**Problem statement:** Repeat the whole listing word for word, skipping pictures.

**Given material:**
"""
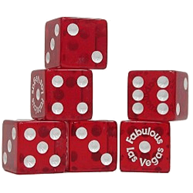 dice are 6-sided with recessed pips that are painted white. The #1 side has
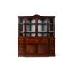 the arched cornice with fluting centred by a carved sunflower motif, over glazed doors marked at the corners with carved roundels and enclosing a pale blue painted interior with adjustable shelves; the base with a secretaire drawer inlaid with foliate scrolls and penwork, opening to reveal an interior fitted with pigeon holes, drawers and a red plush skiver, above a pair of panel doors opening to a sliding tray, flanked by banks of five graduated drawers, on a conforming plinth base
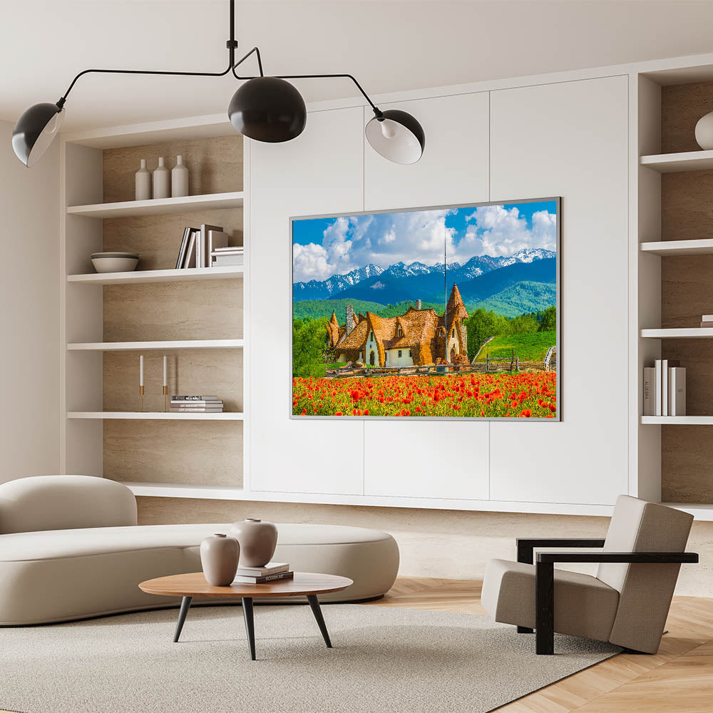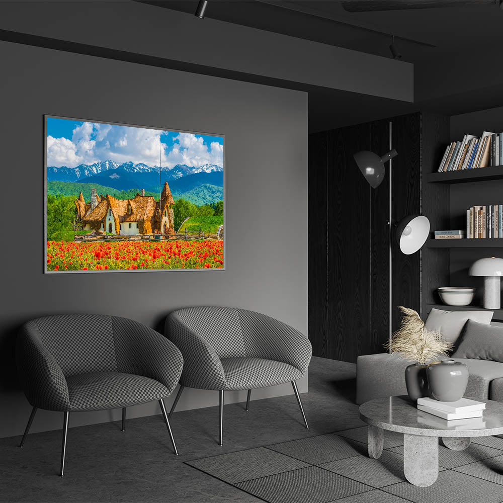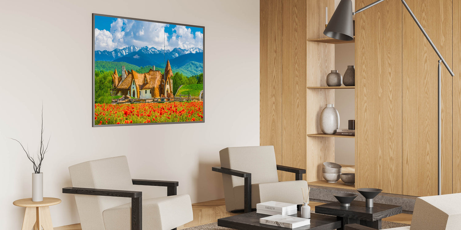 This beautiful wall art print showcases the perfect harmony between Romania's traditional architecture and the stunning backdrop of the Carpathian Mountains. The vibrant red flowers in the foreground add a pop of color to the scene, while the whimsical cottage and snow-capped peaks create a fairytale-like atmosphere. This print is ideal for bringing a touch of natural beauty and cultural charm into your space.
"""
**Expected output:**
 dice are 6-sided with recessed pips that are painted white. The #1 side has
 the arched cornice with fluting centred by a carved sunflower motif, over glazed doors marked at the corners with carved roundels and enclosing a pale blue painted interior with adjustable shelves; the base with a secretaire drawer inlaid with foliate scrolls and penwork, opening to reveal an interior fitted with pigeon holes, drawers and a red plush skiver, above a pair of panel doors opening to a sliding tray, flanked by banks of five graduated drawers, on a conforming plinth base
 This beautiful wall art print showcases the perfect harmony between Romania's traditional architecture and the stunning backdrop of the Carpathian Mountains. The vibrant red flowers in the foreground add a pop of color to the scene, while the whimsical cottage and snow-capped peaks create a fairytale-like atmosphere. This print is ideal for bringing a touch of natural beauty and cultural charm into your space.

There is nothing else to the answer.